Australia said Thursday consider of asking a refuge for hong Kong people who would like to leave the ex-british colony because of the new security bill imposed by Beijing, a position which may worsen its already tense relations with China.
The Prime minister of australia Scott Morrison has judged the situation in hong kong “very worrying” and announced that his government was considering how “very active” for the offer to host the residents of the region chinese.
Asked if Australia could eventually provide a form of asylum to hong Kong, he answered “yes” to a reporter.
He said that this measure would be quickly considered by his government, intimating that it will be adopted.
“It is important, and very consistent with what we are,” he said.
The british government announced on Wednesday to extend the rights of immigration for the people of Hong Kong considered that the new law on national security imposed by China constituted a “manifest violation” of the autonomy of the territory.

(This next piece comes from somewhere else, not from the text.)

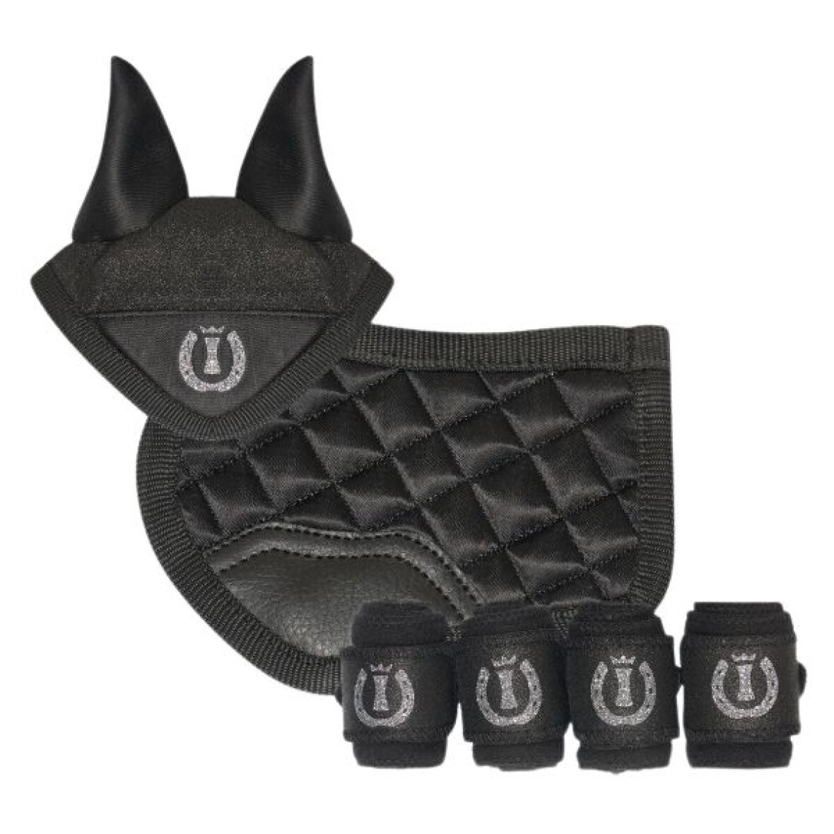 Sæt bestående af hut, underlag og bandager fra Imperial Ridning, som passer til alle mini toy ponyerne fra LeMieux. Fleecebandager som lukkes med velcro og glimmer. Underlag med satin look og hut med glitter og Imperial Riding logo.

The Uk returned in 1997 Hong Kong to China, provided that its former colony retains certain freedoms, and the autonomy and legislative and judicial for 50 years.
The text promulgated on Tuesday evening, after a wave of protests unprecedented in the past year in Hong Kong, plans to punish the activities of the separatists, “terrorists”, the subversion or foreign interference in the autonomous territory to chinese.
A lot of criticism of the influence of China, see the national security act as the final nail on the coffin of the principle of “One country, two systems”.
The relations between China and Australia have worsened considerably in recent times.
In mid-June, the australian government revealed that the country had been the target of a large cyber attack by a “state actor”, the media pointing the finger at China.
Canberra had provoked the wrath of Beijing by calling for an independent international investigation on the origins of the pandemic coronavirus, and in denouncing a chinese diplomatic and aggressive and dishonest.
China has responded by advising its nationals to Australia as a destination for tourism and study and taken trade sanctions against australian produce.